TRAPPO's Mail Bag #18! (The Batman One)

 


The show that talks about you on purpose is talking about BATMAN on purpose this week. That's right, dear listener, this episode is all about the fallout from last September's Super-Controversial Live Action Batman Rankings episode, which got a surprising number of responses from some very passionate fans of The Dark Knight, and we finally decided to respond to them. Sure, it took us a while to get here, but at least we're dismissive of your personal rankings, so that's cool, right? But we also talk about a bunch of other stuff, like British alt-rockers Wet Leg's self-titled debut album, and we also ramble about Vincent Gallo's Buffalo 66 for a while (because we know what our audience wants), Sarah Neufeld's brilliant Detritus, Something called "Toehider" (pronounced "Toe Hider") that sounds pretty cool, somebody else recommends the music of King Woman to us, which we always appreciate, some deranged commenter wants to take our relationship to the next level, and so much more! It's a pretty stacked Mail Bag this week, so strap in and enjoy the journey. The episode is embedded below, and you can also find it on Apple, Google, Pocket Casts, RadioPublic, Spotify, Anchor and Amazon, so choose your own adventure and let's get this party started...

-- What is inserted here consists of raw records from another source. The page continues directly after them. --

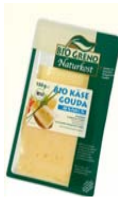
Bio Greno Gouda semi-hard cheese slices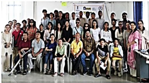
A Seminar on 'Career Counselling and Entrepreneurship' was held for Persons with Disabilities (PwDs) at the Conference Hall, District Hospital Dimapur on April 26.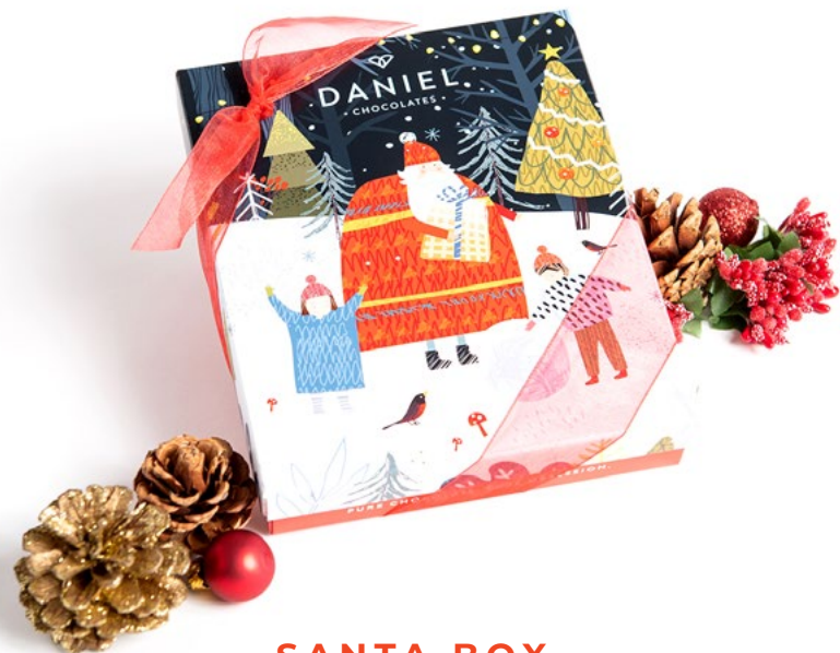
SANTA BOX 16 Assorted Chocolates 19

Join the conversation! Leave a comment below telling us what you think of the episode, what you think of TRAPPO in general, or really whatever you want to discuss. We don't care what you type down below, as long as it doesn't get racist or cruel or bigoted in any way. If you go down that route, we'll delete that shit immediately, because TRAPPO doesn't fuck with scumbags. But if you've got something you wanna share, tell us all about it. We'd love to hear your recommendations and your stories. You can also send us a lengthy email if you're feeling more verbose, which we always appreciate. Seriously. Send us an email. We'd love to read it. And if you're looking for the complete TRAPPO experience, find us on Instagram, because that's still a thing. 

Thanks for listening!

Comments

  1. You’re both being rather rude to your listeners for simply offering their opinions on Batman movies. Opinions you seemed to ask for. How does anybody listen to this podcast?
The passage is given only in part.